The main takeaway is that the performance hit from byte-level modeling grows larger as scale increases when you use masked diffusion instead of standard autoregressive training. The authors run a compute-matched scaling study and permutation experiments to show this disparity, then point to context fragility as the cause: AR keeps a stable causal history that lets the model pick up subword patterns, while MDM's masking breaks the local contiguity needed to make sense of raw bytes quickly. This is a useful empirical extension of prior byte-model and diffusion work, and the controlled permutations give a concrete way to test the idea rather than just speculating. The paper does well by keeping the comparison direct and by flagging that future modality-agnostic designs will need stronger structural biases to avoid this overhead. The softer part is the attribution step. The stress-test note is fair: without explicit FLOPs accounting or checks that hold sequence statistics and optimizer behavior constant across the two objectives, the gap could partly reflect allocation differences or gradient effects instead of fragility alone. If the full methods section has tight controls, the hypothesis lands better; if not, it stays a plausible story but not fully isolated. This is aimed at people working on scaling laws for non-subword or parallel-generation setups. A reader who cares about practical efficiency in byte or diffusion models will get value from the head-to-head numbers. It should go to peer review because the scaling observation is worth referee time even if the causal claim needs tightening.

Referee Report

3 major / 2 minor

Summary. The paper claims that in a compute-matched scaling study, byte-level modeling incurs a larger performance penalty for masked diffusion models (MDM) than for autoregressive (AR) models. It hypothesizes that this stems from 'context fragility' in MDM, where the parallel objective destroys local contiguity needed to recover subword semantics from raw bytes, while AR's causal history allows natural rediscovery of patterns. Controlled permutation experiments are presented as supporting evidence, with implications for future modality-agnostic byte-level designs.

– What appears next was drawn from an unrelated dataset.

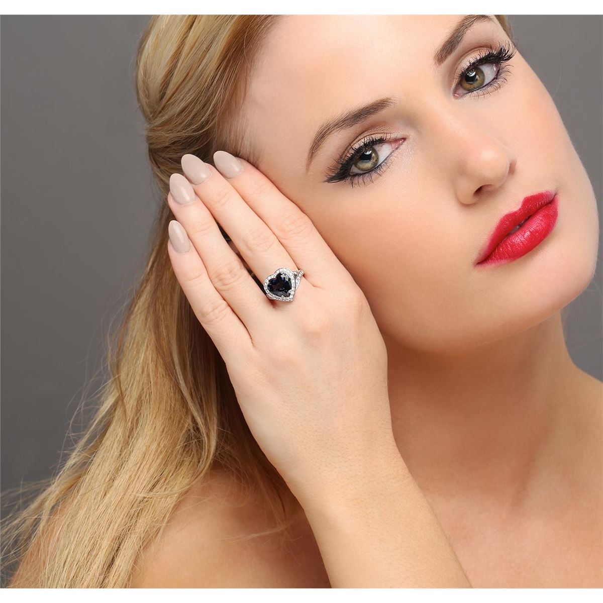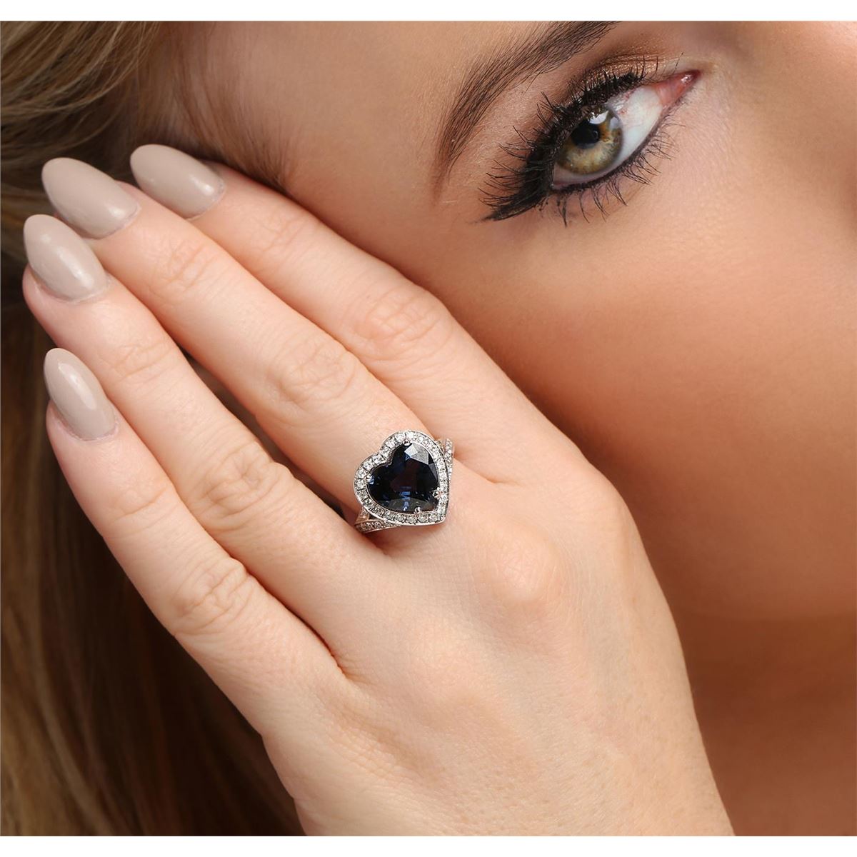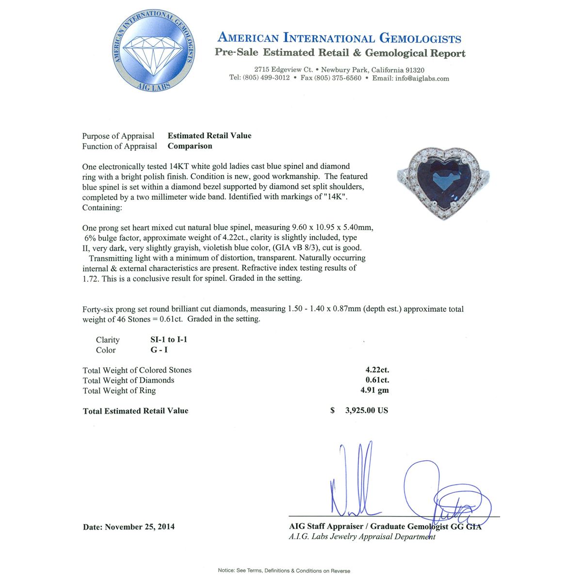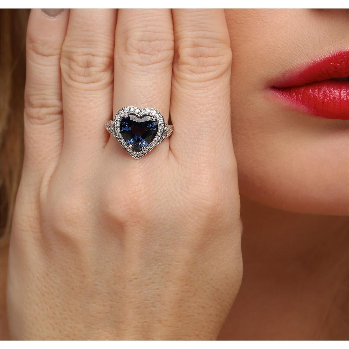One electronically tested 14KT white gold ladies cast blue spinel and diamond ring with a bright polish finish. The featured blue spinel is set within a diamond bezel supported by diamond set split shoulders, completed by a two millimeter wide band. Identified with markings of "14K". Condition is new, good workmanship. Containing: One prong set heart mixed cut natural blue spinel, measuring 9.60 x 10.95 x 5.40mm, 6%. bulge factor, approximate weight of 4.22ct., clarity is slightly included, type II, very dark, very slightly grayish, violetish blue color, (GIA vB 8/3), cut is good. Transmitting light with a minimum of distortion, transparent. Naturally occurring internal & external characteristics are present. Refractive index testing results of1.72. This is a conclusive result for spinel. Graded in the setting. Forty-Six prong set round brilliant cut diamonds, measuring 1.50 - 1.40 x 0.87mm (depth est.) approximate total weight of 46 Stones = 0.61ct. Graded in the setting. Clarity: SI-1 to I-1. Color: G - I. Total Weight of Colored Stones 4.22ct. Total Weight of Diamonds 0.61ct. Total Weight of Ring 4.91 grams. AIG Appraised at $3,925.00.

Significance. If the central empirical finding holds under tighter controls, the work identifies a non-uniform scaling cost in byte modeling that is worse under non-causal objectives. This could inform the design of structural biases for efficient byte-level MDM and similar paradigms, providing a concrete empirical baseline for modality-agnostic generative modeling.

major comments (3)

[Scaling Study / Abstract] The scaling study description (abstract and methods) reports results from compute-matched regimes but provides no explicit FLOPs accounting, per-parameter optimization details, or verification that effective sequence utilization and gradient statistics are held constant across AR and MDM. This leaves open the possibility that the observed disparity arises from allocation differences rather than context fragility.
[Permutation Experiments] The permutation experiments are invoked to support the context fragility hypothesis, but the manuscript does not specify how the permutations preserve sequence statistics while breaking local contiguity, nor does it report quantitative controls (e.g., effective context length or token co-occurrence preservation) that would isolate fragility from other objective-specific effects.
[Discussion / Hypothesis] The central claim that MDM's scaling overhead is worse specifically because it 'destroys the local contiguity required to efficiently resolve semantics' is load-bearing yet rests on indirect evidence; no direct measurement of semantic resolution efficiency (e.g., via probing or reconstruction metrics) is provided to link the performance gap to the hypothesized mechanism.

minor comments (2)

[Experimental Setup] Clarify the exact evaluation metrics (e.g., bits-per-byte, perplexity) and model configurations (depth, width, training steps) used in the scaling curves to allow reproduction.
[Introduction] Add references to prior byte-level AR and diffusion work (e.g., ByT5, byte-level diffusion papers) to situate the novelty of the efficiency-gap finding.

Simulated Author's Rebuttal

3 responses · 0 unresolved

We thank the referee for their constructive and detailed feedback. The comments have helped us clarify the experimental controls and strengthen the presentation of our results. We respond to each major comment below and have revised the manuscript accordingly.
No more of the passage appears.